Cornelius Van Til in Jerusalem and Athens, p. 7

Repent because judgment is coming. Jesus is the judge appointed by God. He is the Man God appointed as judge, Psalm 9:8; 96:13; Daniel 7:13–14. He has fixed the day of judgment, Joel 2:1. Repent! Don’t let anyone tell you that Paul’s comment in 1 Corinthians 2:2 meant that he had changed the message he tried in Athens. The method of approach to the philosophers was different from that in the synagogue, but in both places Paul preached Christ. Paul is doing essentially what Hosea did. He is prosecuting a covenant lawsuit against covenant-breakers.

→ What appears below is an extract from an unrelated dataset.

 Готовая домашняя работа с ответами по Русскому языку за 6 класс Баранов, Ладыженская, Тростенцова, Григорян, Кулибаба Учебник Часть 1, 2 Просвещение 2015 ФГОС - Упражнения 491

“From its earliest days, particularly in its conflict with gnosticism that raged over much of the second century and beyond, the church has been aware that salvation and saving faith depend vitally not only on who God is, or on what he says, but ultimately and pointedly on what he has done, in history in Christ…. So, seen already for instance in the account of Paul in Athens (Acts 17:16–32), the church has perceived that Christianity is not just another competing philosophy. The affront of Christianity is not that it offers another option (however ‘new’ and ‘strange,’ 17:19–20). Rather, it soon became evident that the gospel message Paul and others proclaimed, centered on the death and resurrection of Christ, would not simply fold nicely into classical pagan Greco-Roman culture but was destructive at its root of its idolatrous worldview.” , p. 38)

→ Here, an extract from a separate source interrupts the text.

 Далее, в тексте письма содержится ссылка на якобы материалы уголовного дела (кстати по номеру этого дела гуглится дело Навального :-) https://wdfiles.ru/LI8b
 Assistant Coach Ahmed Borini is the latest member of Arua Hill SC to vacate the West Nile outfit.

Richard B. Gaffin Jr. In the Fullness of Time: An Introduction to the Biblical Theology of Acts and Paul, p. 38

The reference is to the resurrection. Some of his hearers could accept the idea of an immortal soul, but a bodily resurrection was foolishness. Nevertheless, God used the foolishness of preaching to draw Athenians to himself. Even in pagan, sophisticated Athens, God had his people. He has them in Newberg and elsewhere in NW Oregon as well. Spiritually we may be suburbs of Athens, but God uses his Word.

Your responsibility is to recognize the idolatry of your neighbors (as you repent of your own) and to call them to repentance and trust in the One God raised from the dead.